**REQUIRED WORK**
I'd like an exact copy of only the lines from the start of the listing below through the line that holds "The first graph". Please keep the pictures out.

[Opening DATA FOR THIS TASK section]

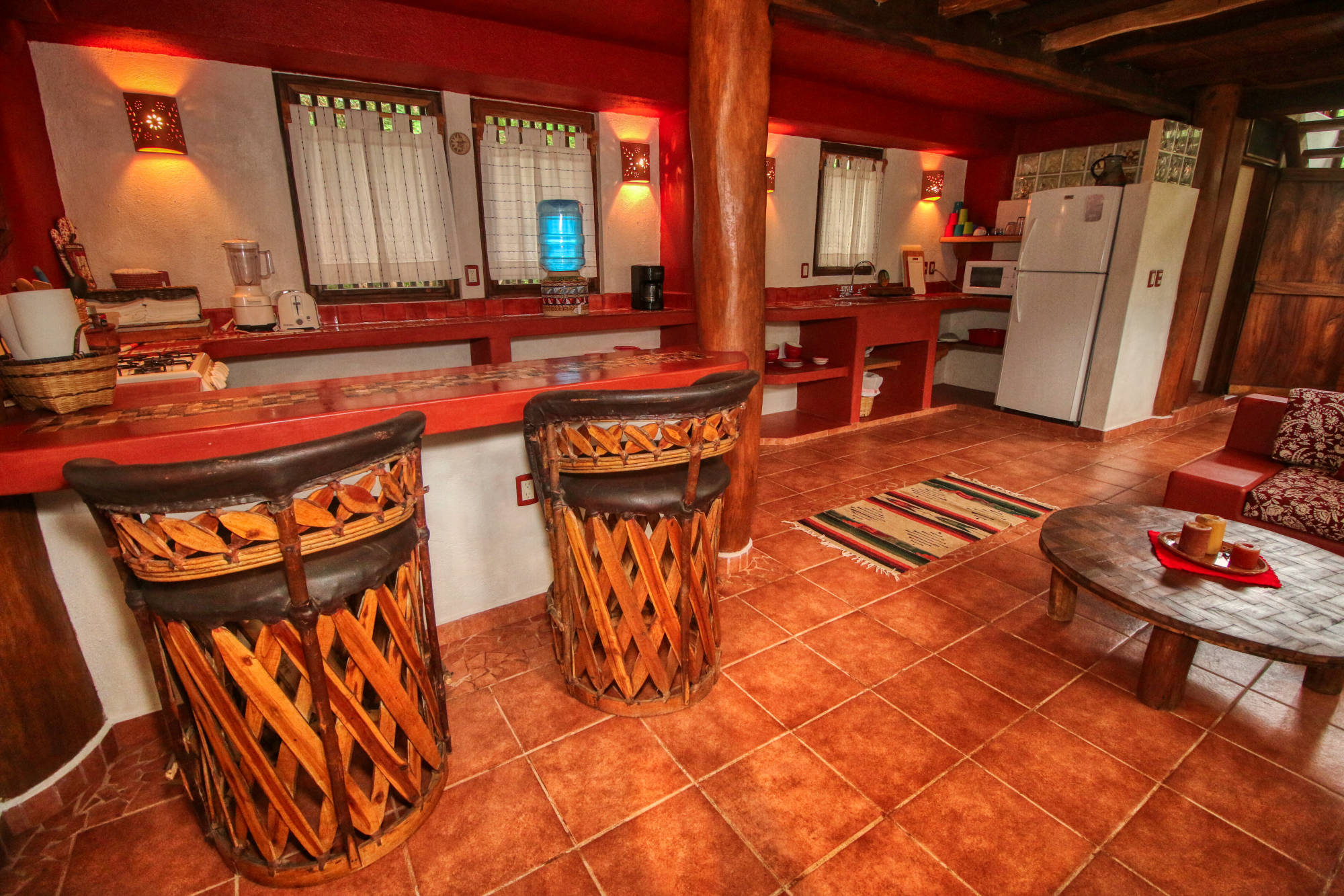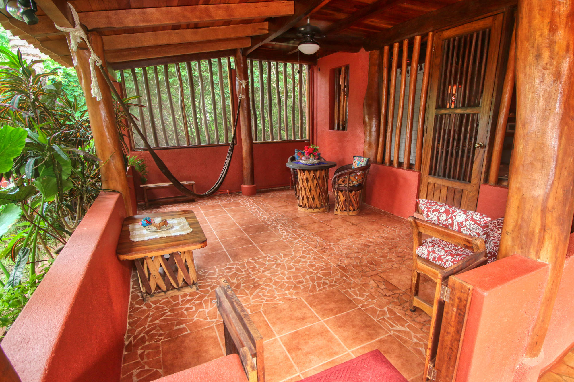 The casa consists of the kitchen and living / dining area and a bathroom on the ground floor with the bedroom and additional bathroom on the 2nd floor. There is a patio at the front of the house before entering and just off the bedroom upstairs, a small screened in balcony with chairs and a table.
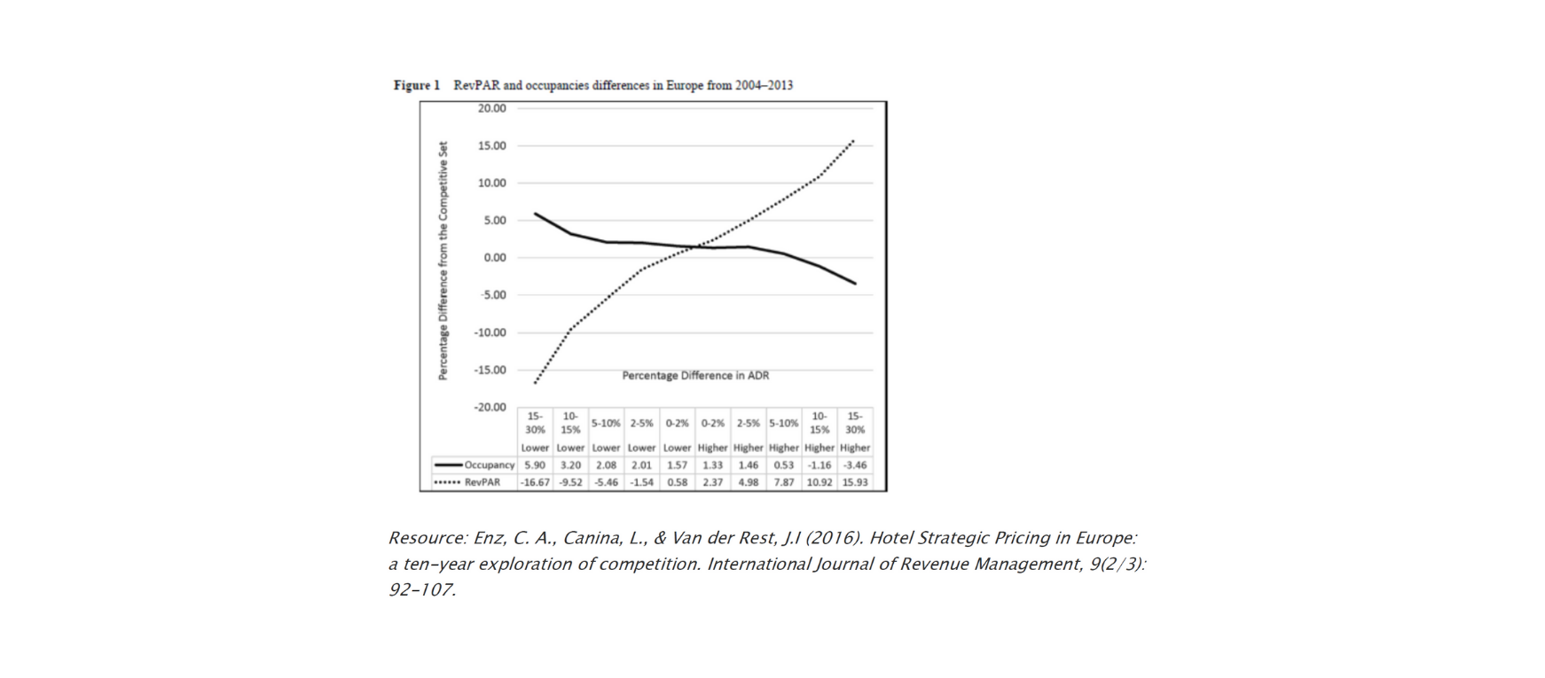 The first graph shows the results of important research conducted by Cathy Enz (Cornell), Linda Canina (Cornell), and Jean-Pierre van der Rest (Hotelschool The Hague) a few years ago. It shows that the 4000 hotels in Europe who, in the period 2004-2013 had a higher average room rate (ADR) than their direct local market competitors, indeed had a lower occupancy rate but yet a higher RevPAR. Lowering average daily room rates, definitely under current economic conditions and regardless of whether the hotel is independent or part of a chain of hotels, is not profitable. Further research has also confirmed that most European hotel markets have an inelastic price elasticity; there is factually proven room for rate increase.
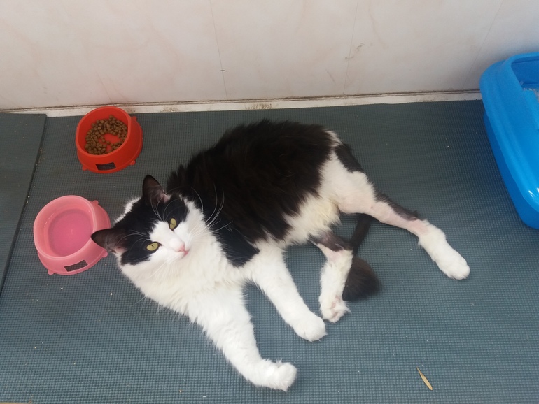 В общем было много всего, в том числе сильный укус моей руки. В ветеринарке стали уже за "своих". Но сейчас товарищ Том конкретно пошел на поправку и уже на финишной прямой. Осталось всего 10 дней походить. Он, кстати, теперь немного ходит сам. Ходит в лоток, хорошо кушает, какает регулярно.
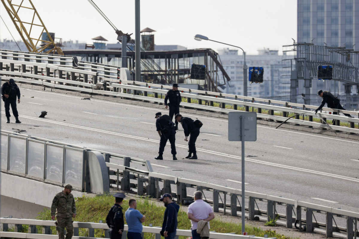 Cơ quan an ninh thu thập các mảnh vỡ khi điều tra gần địa điểm của một tòa nhà bị hư hại sau vụ tấn công bằng UAV ở thủ đô Moskva ngày 24/7. (Ảnh: Reuters)
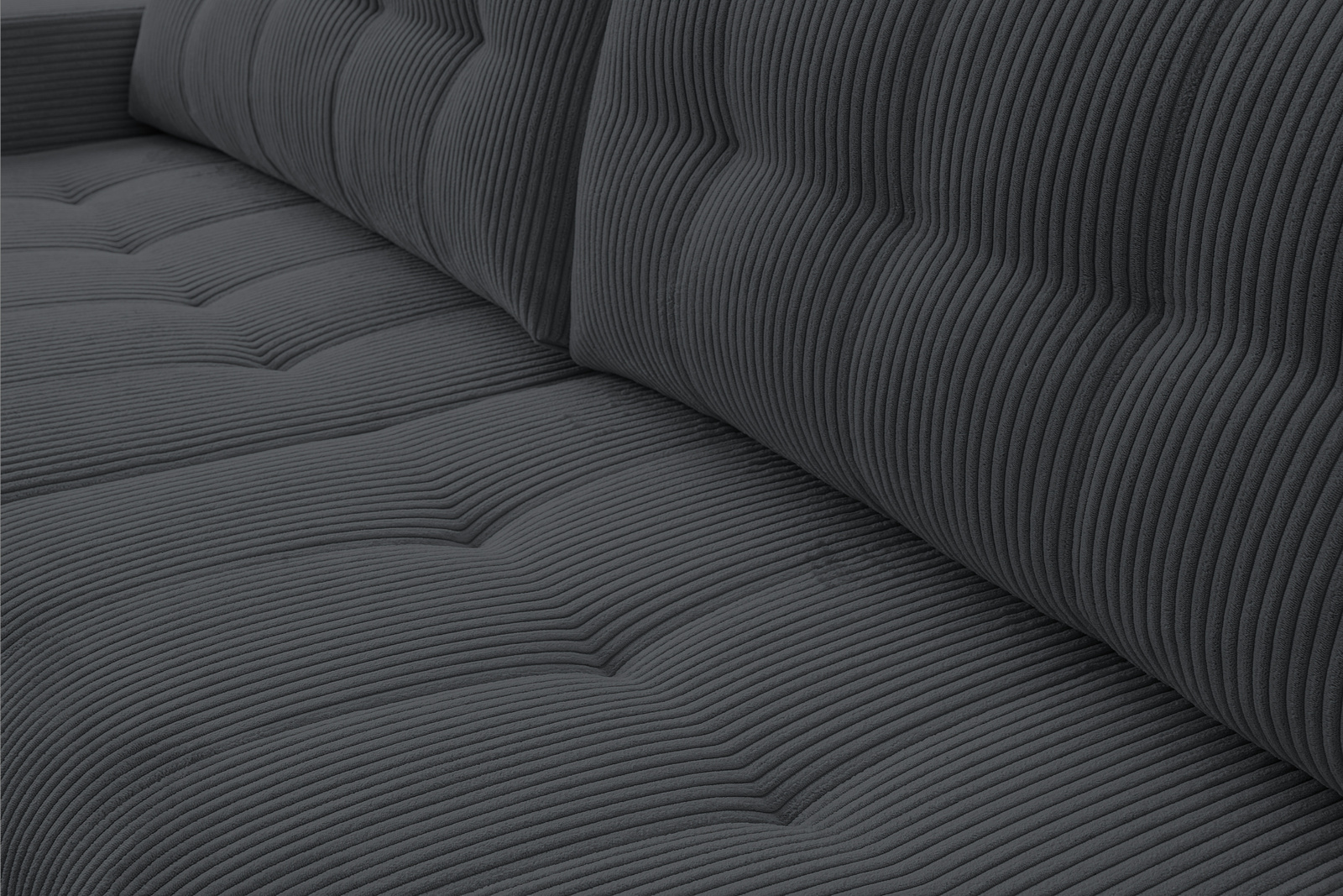 Dank der Schlaffunktion lässt es sich ganz einfach in einen bequemen Schlafplatz verwandeln, und der Bettkasten bietet zusätzlichen Stauraum. Durch die wählbare Eckseite lässt sich das Möbelstück an jede Raumaufteilung anpassen. Palermo eignet sich sowohl für das Wohnzimmer als auch für das Wohnzimmer und schafft einen gemütlichen Raum zum Entspannen und für Treffen mit Ihren Lieben.
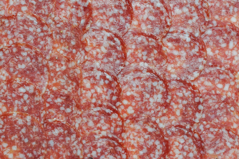Фоновая текстура колбасы, узор из ломтиков колбасы
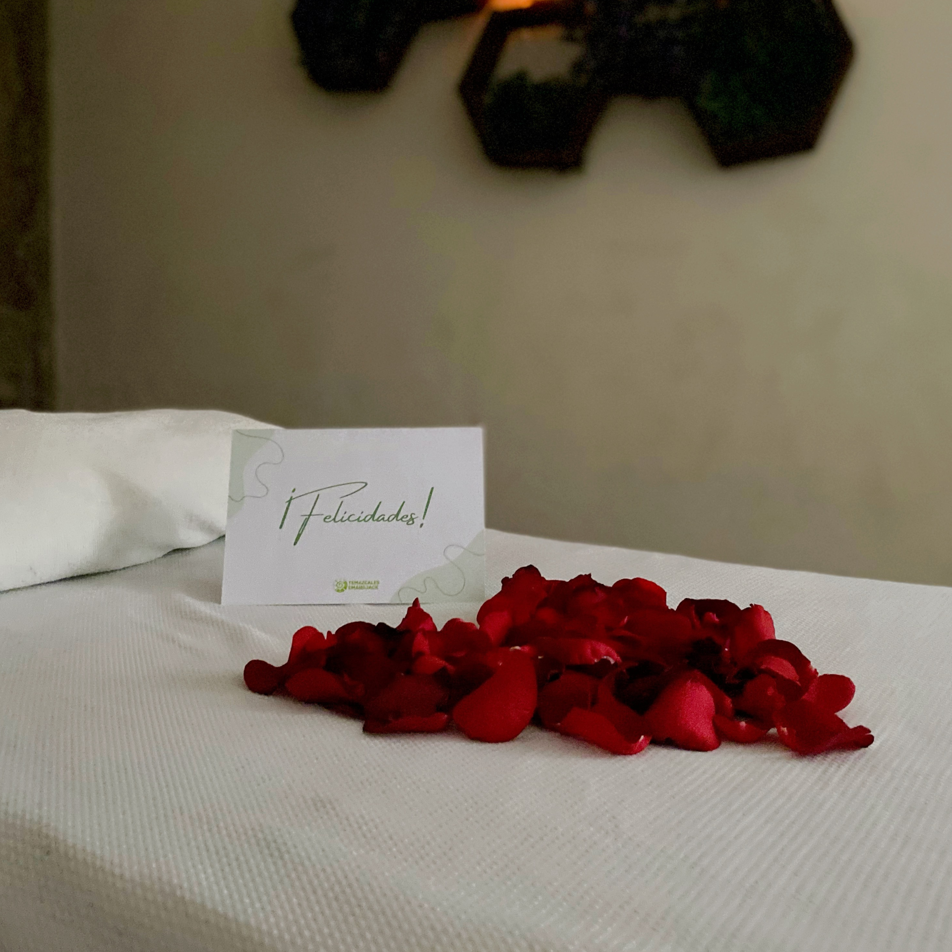 2 Masajes de relajación, 2 Sesiones de temazcal (Individual), Aplicaciones de calor relajante con compresas, Aplicaciones de ventosas relajantes, Mascarillas faciales, Aromaterapia para 2 personas, 2 copas de clericot, 1 Tabla de quesos para 2 personas.
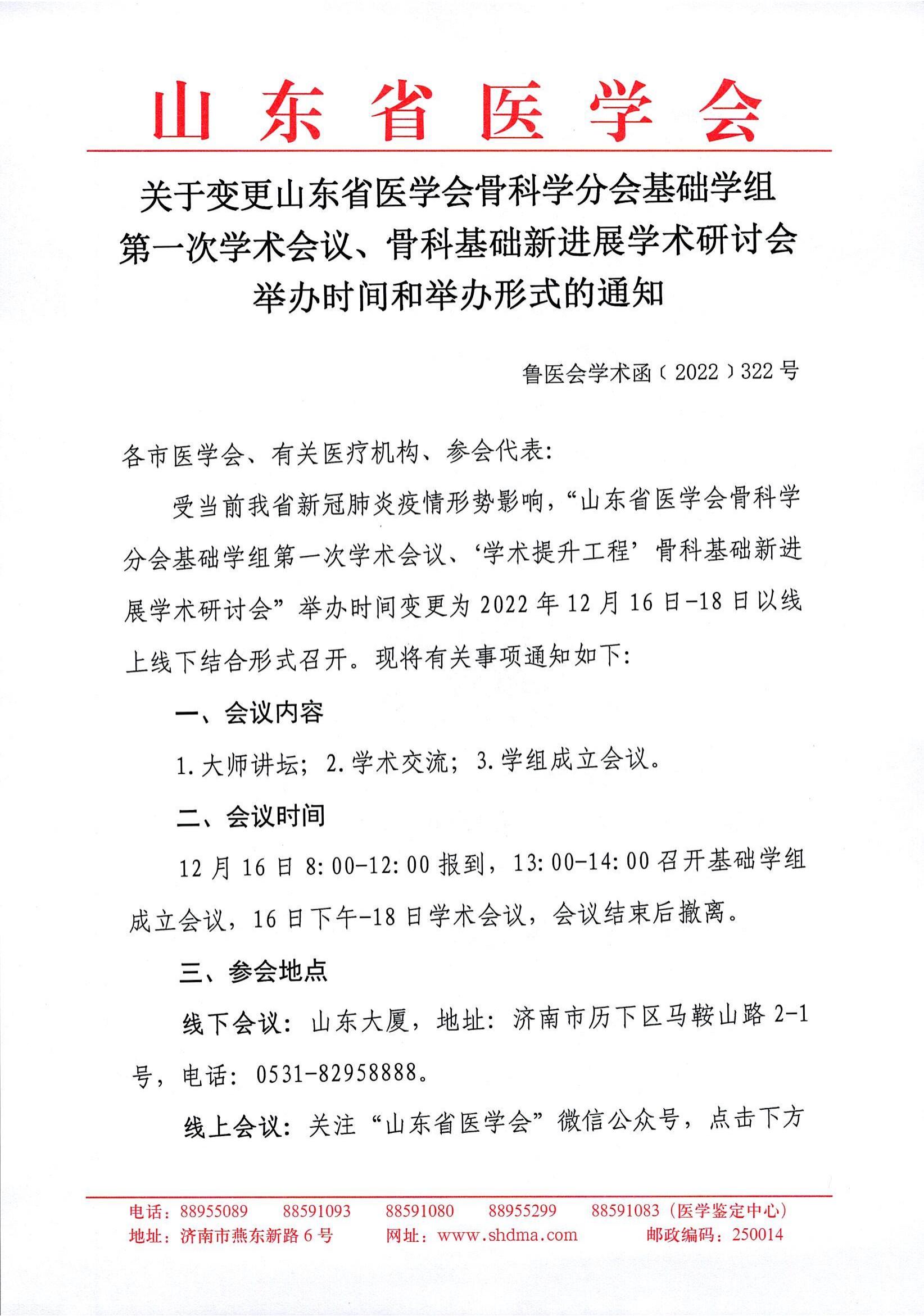 关于变更山东省医学会骨科学分会基础学组第一次学术会议、骨科基础新进展学术研讨会举办时间和举办形式的通知

[Closing DATA FOR THIS TASK section]

**SOLUTION FOR THIS PROBLEM**
 The casa consists of the kitchen and living / dining area and a bathroom on the ground floor with the bedroom and additional bathroom on the 2nd floor. There is a patio at the front of the house before entering and just off the bedroom upstairs, a small screened in balcony with chairs and a table.
 The first graph shows the results of important research conducted by Cathy Enz (Cornell), Linda Canina (Cornell), and Jean-Pierre van der Rest (Hotelschool The Hague) a few years ago. It shows that the 4000 hotels in Europe who, in the period 2004-2013 had a higher average room rate (ADR) than their direct local market competitors, indeed had a lower occupancy rate but yet a higher RevPAR. Lowering average daily room rates, definitely under current economic conditions and regardless of whether the hotel is independent or part of a chain of hotels, is not profitable. Further research has also confirmed that most European hotel markets have an inelastic price elasticity; there is factually proven room for rate increase.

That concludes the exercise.